_About this exercise_
From the data underneath, reproduce exactly the stretch that begins at the line with "TOSHIBA Black Mirror" and ends after the line with "3103. Lot de".

_Data excerpts_
----

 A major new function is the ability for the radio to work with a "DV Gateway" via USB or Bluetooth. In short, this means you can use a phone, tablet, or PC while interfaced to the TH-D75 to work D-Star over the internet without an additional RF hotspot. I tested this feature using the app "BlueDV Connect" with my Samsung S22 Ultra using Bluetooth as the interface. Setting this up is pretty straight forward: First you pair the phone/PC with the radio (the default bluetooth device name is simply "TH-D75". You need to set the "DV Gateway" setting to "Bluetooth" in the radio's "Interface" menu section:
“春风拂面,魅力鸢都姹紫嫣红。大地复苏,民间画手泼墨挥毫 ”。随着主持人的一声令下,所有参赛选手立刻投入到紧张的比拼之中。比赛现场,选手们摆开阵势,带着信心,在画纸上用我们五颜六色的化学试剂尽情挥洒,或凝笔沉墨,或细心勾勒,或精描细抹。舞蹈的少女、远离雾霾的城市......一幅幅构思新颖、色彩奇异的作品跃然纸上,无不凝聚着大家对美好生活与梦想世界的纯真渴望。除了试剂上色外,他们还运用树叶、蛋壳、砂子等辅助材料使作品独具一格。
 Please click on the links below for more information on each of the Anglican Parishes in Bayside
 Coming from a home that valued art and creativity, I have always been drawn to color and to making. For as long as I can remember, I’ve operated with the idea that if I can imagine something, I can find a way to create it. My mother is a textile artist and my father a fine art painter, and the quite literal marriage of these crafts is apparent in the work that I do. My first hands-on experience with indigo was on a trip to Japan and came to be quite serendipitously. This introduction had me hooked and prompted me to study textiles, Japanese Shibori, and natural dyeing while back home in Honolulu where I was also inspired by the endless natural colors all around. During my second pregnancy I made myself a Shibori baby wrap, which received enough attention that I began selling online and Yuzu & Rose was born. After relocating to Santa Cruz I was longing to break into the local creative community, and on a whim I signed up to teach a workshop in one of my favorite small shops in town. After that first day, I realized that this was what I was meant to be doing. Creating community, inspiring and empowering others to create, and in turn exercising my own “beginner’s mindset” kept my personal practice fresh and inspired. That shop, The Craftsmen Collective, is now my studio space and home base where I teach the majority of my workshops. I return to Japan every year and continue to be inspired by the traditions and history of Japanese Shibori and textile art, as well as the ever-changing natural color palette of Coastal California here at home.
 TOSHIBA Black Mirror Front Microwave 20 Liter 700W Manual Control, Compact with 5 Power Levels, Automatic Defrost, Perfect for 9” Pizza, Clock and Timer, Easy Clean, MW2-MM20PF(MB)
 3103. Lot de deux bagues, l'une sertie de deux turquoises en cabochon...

----

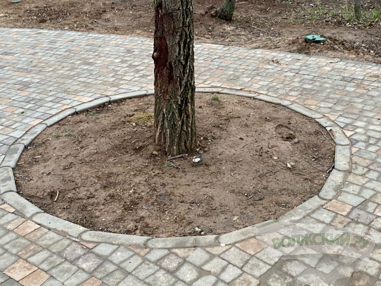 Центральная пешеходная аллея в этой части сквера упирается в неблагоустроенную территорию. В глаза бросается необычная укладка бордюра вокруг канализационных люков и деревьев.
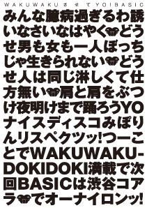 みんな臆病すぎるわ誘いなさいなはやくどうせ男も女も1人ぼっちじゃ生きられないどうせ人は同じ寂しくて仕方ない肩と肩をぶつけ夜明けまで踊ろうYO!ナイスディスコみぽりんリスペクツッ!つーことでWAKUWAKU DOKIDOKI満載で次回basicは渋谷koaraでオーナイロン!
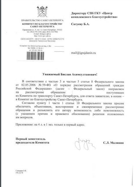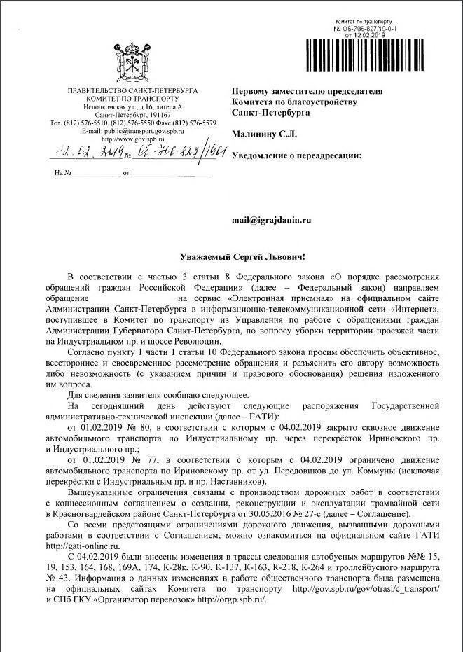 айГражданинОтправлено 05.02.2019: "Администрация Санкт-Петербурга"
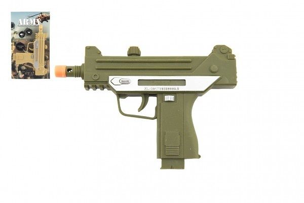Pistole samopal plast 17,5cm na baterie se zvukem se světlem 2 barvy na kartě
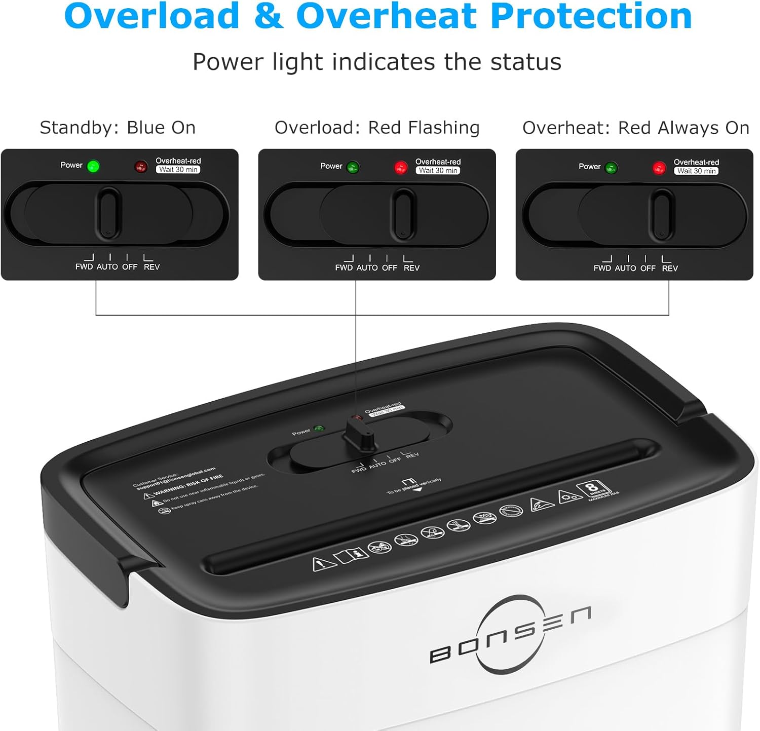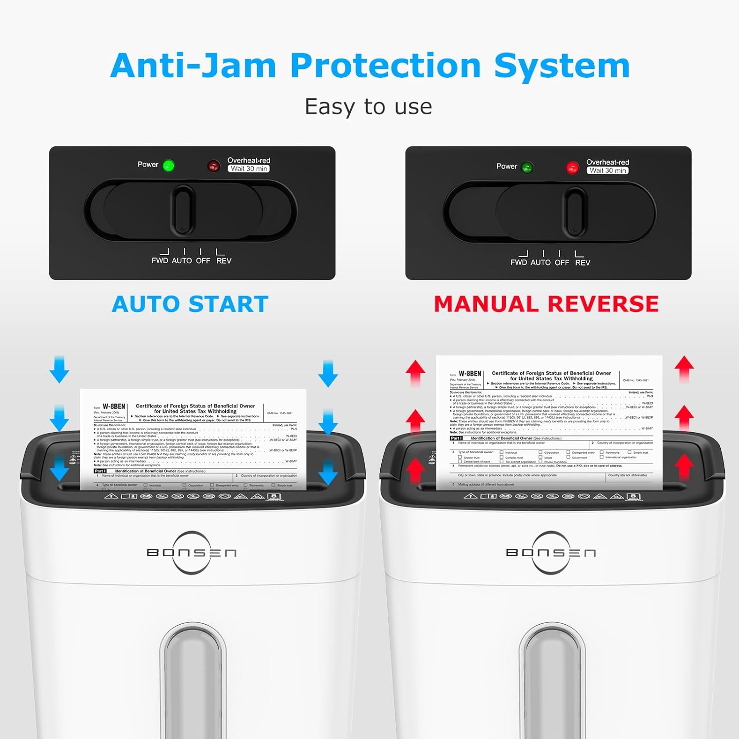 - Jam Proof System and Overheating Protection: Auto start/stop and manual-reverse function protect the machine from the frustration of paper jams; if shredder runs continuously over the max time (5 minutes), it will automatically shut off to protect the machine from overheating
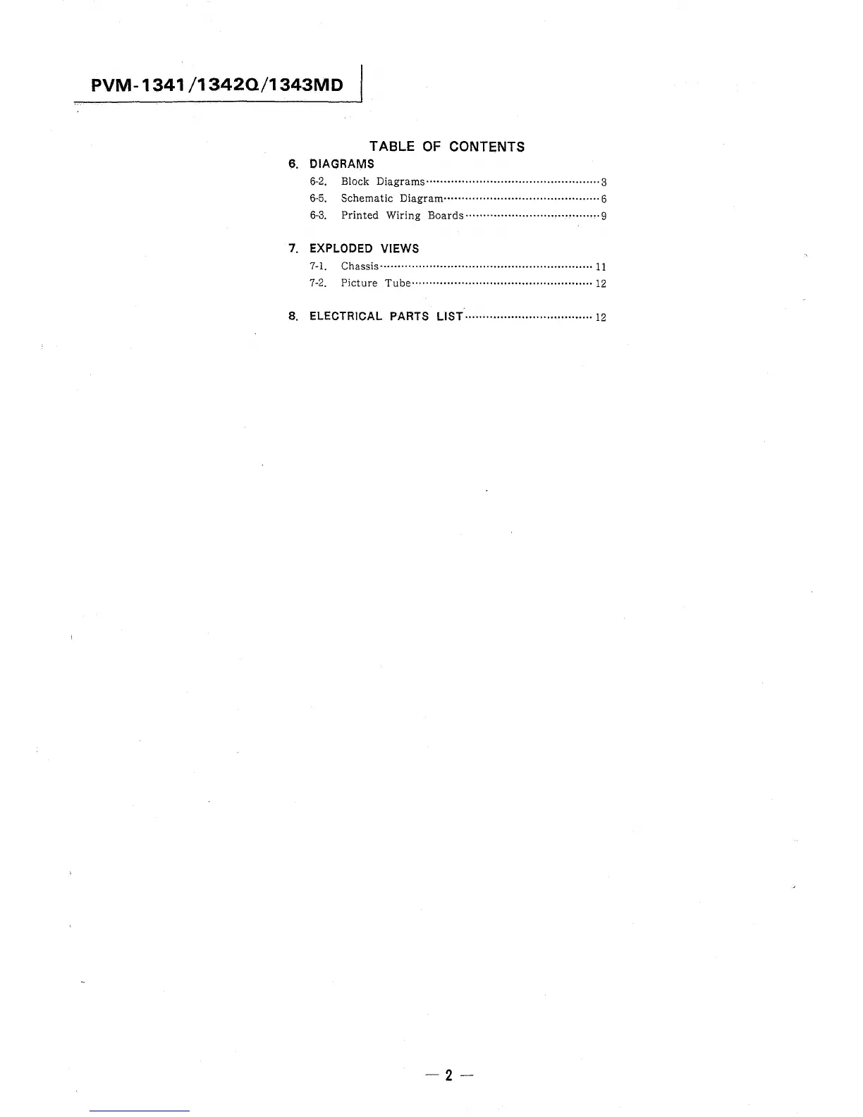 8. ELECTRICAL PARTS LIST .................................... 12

----

_Answer area_
 TOSHIBA Black Mirror Front Microwave 20 Liter 700W Manual Control, Compact with 5 Power Levels, Automatic Defrost, Perfect for 9” Pizza, Clock and Timer, Easy Clean, MW2-MM20PF(MB)
 3103. Lot de deux bagues, l'une sertie de deux turquoises en cabochon...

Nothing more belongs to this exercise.